Maria gave herself a mental shake. Enough! Ben Calder was a man, all right, and men were to be given a wide berth. Maria had learned her lesson about men as a child, learned it the hard way, when her father had walked out the door on her ninth birthday. Maria still remembered the look on her father’s face when her mother had told him she was pregnant again, pregnant with Veronica. His face had gone as white as the frosting on her cake, and even the glow of the candles couldn’t add warmth to the hunted look that came into his eyes. He’d sang “Happy Birthday” to her, he’d watched her open her presents, he’d kissed her and tucked her into bed, and then, sometime during the night, while she’d slept with her new birthday doll tucked under her arm, he’d left.

That’s what men did. They left. When the going got tough, they left. They left the women—and the children.

Her late husband had been different. Maria had made sure of that before she married him. Marcus Soldata had been a good man, a solid man, and if Maria had occasionally longed for a passion it was not in her husband’s nature to give, she stoically suppressed such longings.
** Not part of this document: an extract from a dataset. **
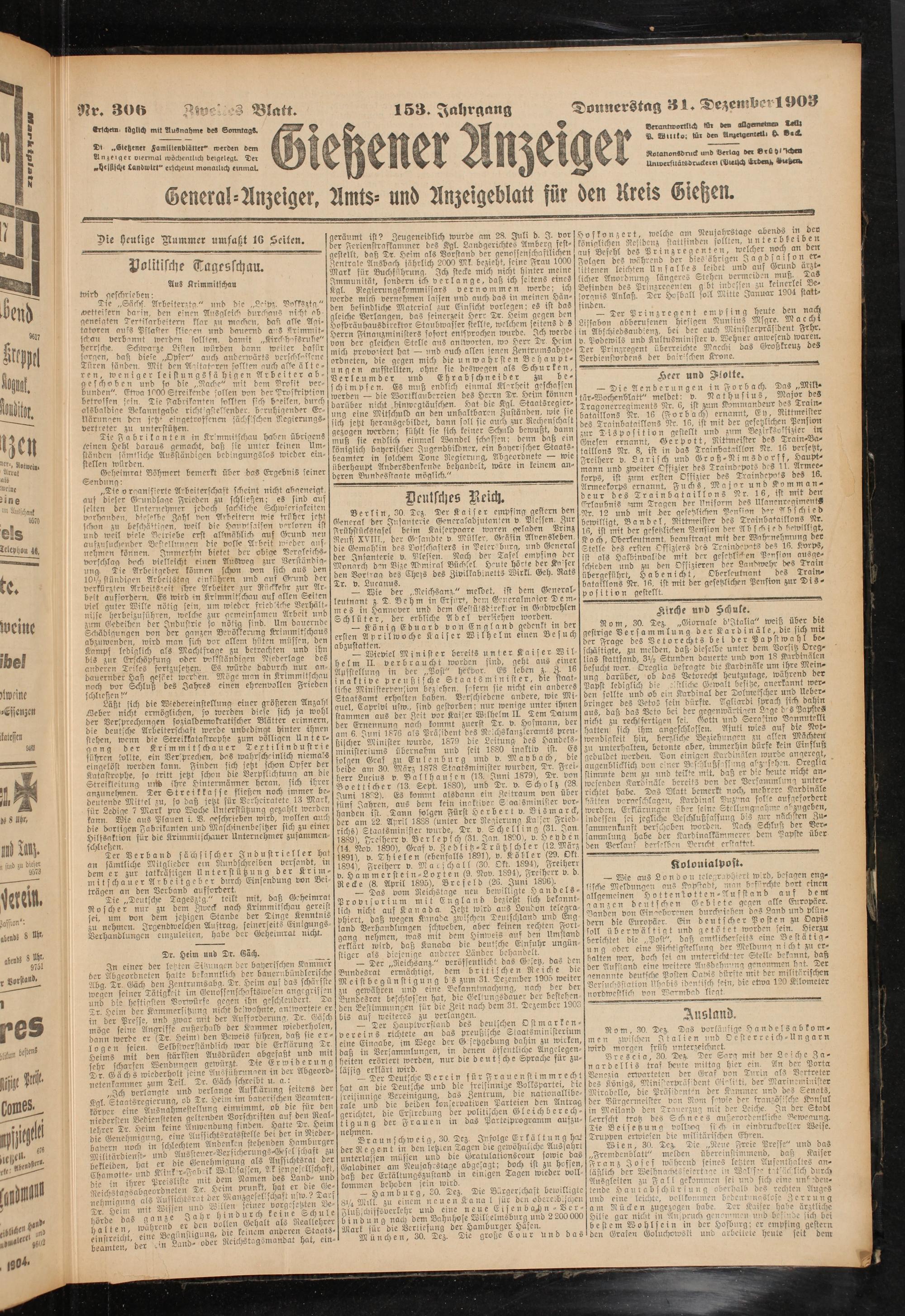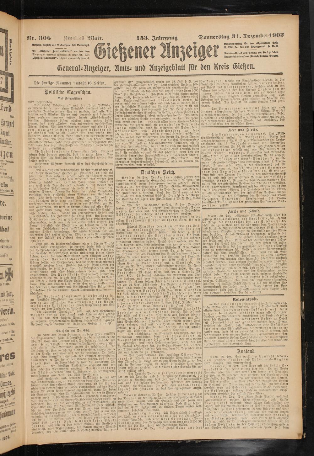 Donnerstag 31 De,zen-H'^ i 1)03
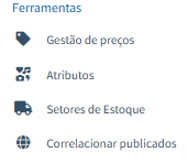 Na aba Ferramentas, é possível definir uma tabela de preços para anúncios, cadastrar e ajustar atributos de todos os itens, atribuir um local de estoque específico para cada produto e correlacionar produtos já existentes em marketplaces com os cadastrados no sistema.

She had not married Marcus for passion. She’d married him because he would always be there. He had loved her and he had loved his daughters in a quiet, comforting way. Marcus Soldata would have never left his family and, indeed, it took a fiery car crash to take him away from them.

But Marcus appeared to be an exception to the men in her family, Maria thought wryly. Not only had her father found family life too much for him, but last year her brother-in-law had run off with his secretary, leaving her older sister, Linda, to raise David with little help or interest from him. The women had drawn their protective circle tight around the bitter Linda and bewildered little boy, and the restaurant had managed to keep food on their table—barely. Then when Veronica’s husband’s phone calls and letters had abruptly stopped coming from Tucson, well…Maria hadn’t been too surprised.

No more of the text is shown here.